Healthcare facilities were forced outside hospital boundaries in the pandemic, leading to a rise in home diagnostics, but there is a need of a more analytical approach in managing, gathering data.
A timely and accurate diagnosis is vital to improving the prognosis of the disease and containing outbreaks. The pandemic has drastically altered the perception of diagnostics, and it has now gained the centre stage. With changed consumer behaviour and increased awareness of healthcare, there has been an upward tick in preventive testing, as people have become more aware of the importance of maintaining a healthy life.
Diagnostics was previously a neglected or side-lined aspect of the healthcare system. Owing to the lack of easy access to diagnostic testing, it had become one of the weakest links in the cascade of care for many common conditions—including tuberculosis, diabetes, and hypertension.
Early in the outbreak of the pandemic, Indian diagnostic markets were inadequately prepared to cope with the resulting pressures. The lack of adequate manufacturing capacities, supply chain issues, and reliance on imported diagnostic kits highlighted the inefficiency of the Indian diagnostic market to deal with a contagion of this scale.
Given the nature of the outbreak—healthcare facilities were forced outside hospital boundaries, leading to a rise in home diagnostics. Home testing facilities gained prominence, despite the decline in patient volumes seen in hospital-based laboratories. This trend can be attributed to home confinement and uncertainty surrounding Covid-19, combined with a shift in lifestyle that has led to a strong inclination towards home health check-ups. This trend necessitated a restructuring of the diagnostic industry which has fostered the development of affordable, accessible and innovative diagnostics tools.
Health issues caused by the pandemic continue to adversely impact the lives of people—ranging from scarring of the lungs, cardiovascular issues, kidney damage, neurologic issues, to high blood sugar or Type 2 Diabetes.

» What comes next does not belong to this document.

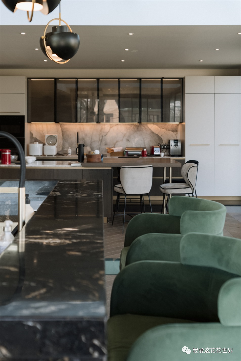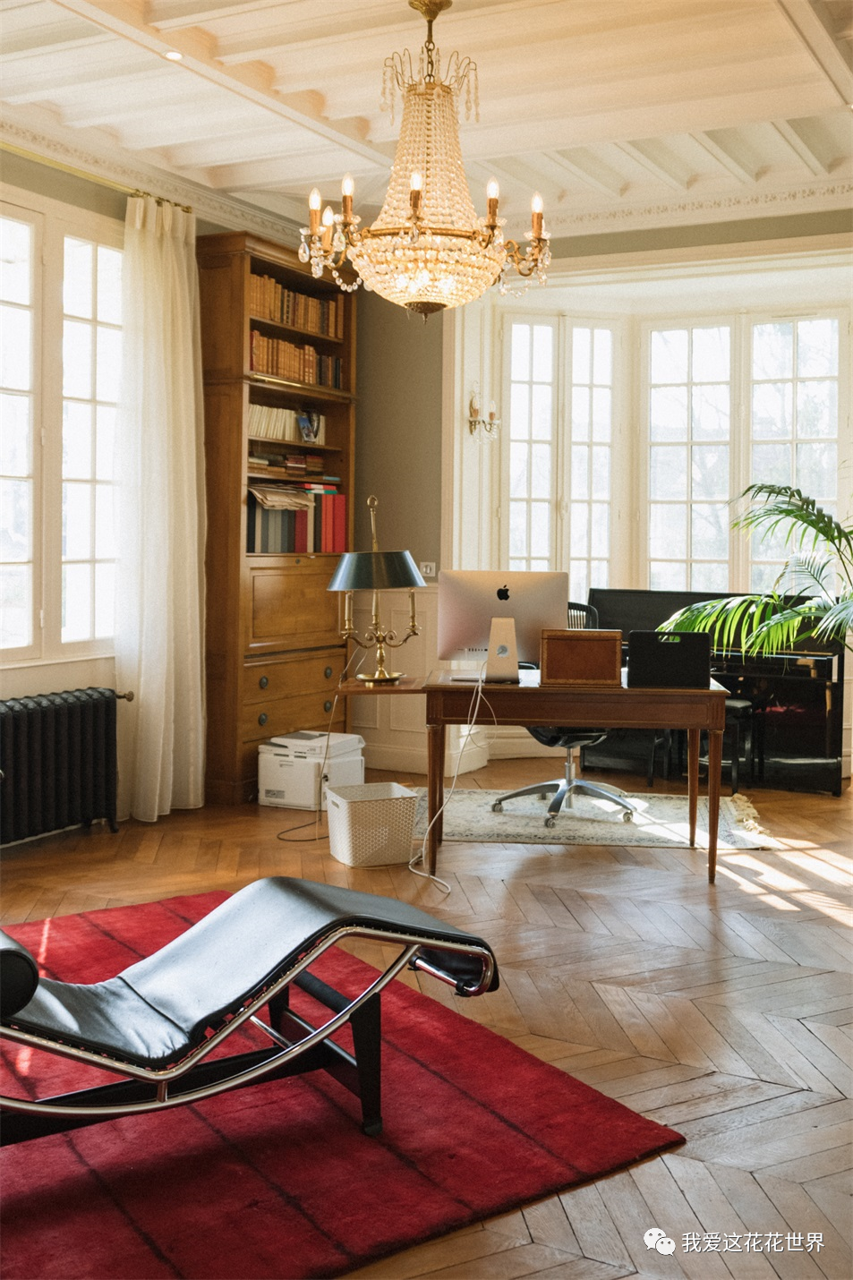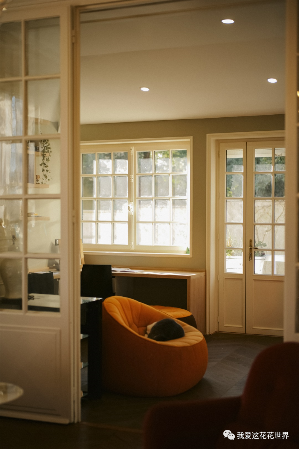 从法式格子窗透进来的柔光,让书房氤氲着暧昧的气息,恍惚间,以为是哪部电影里的场景,能想象到Jinger日常踩在扶梯上拿书,回头看见爱人的一抹温柔。

These health risks have created major shifts in diagnosis management—right from the collection of blood samples at home to teleconsultation with doctors to final medication delivery, this ecosystem is continuously changing to become more home-friendly. Additionally, the convenience factor sets in as the ease of doing health checks are now available at one’s doorstep.
In terms of treatment, doctors are increasingly becoming more evidence-centric and constantly rely on high-quality diagnostic tests to formulate a treatment and disease management plan. Diagnostics results truly are an essential component of decision-making while managing the health journey of a patient.
A large number of geriatrics and an increasingly health-aware population are sure to boost the Indian diagnostic industry in the long run. As per IBEF and the Ministry of External Affairs, the Indian diagnostic market alone is poised to grow to $32 billion by the end of 2022.
There is also the need to develop a more analytical approach in terms of managing and gathering health data through reliable screening tests. There is no doubt that the pandemic has accelerated the adoption of digital models industrywide, making it essential for healthcare organisations to adopt new technologies. This is critical to containing and controlling global health threats.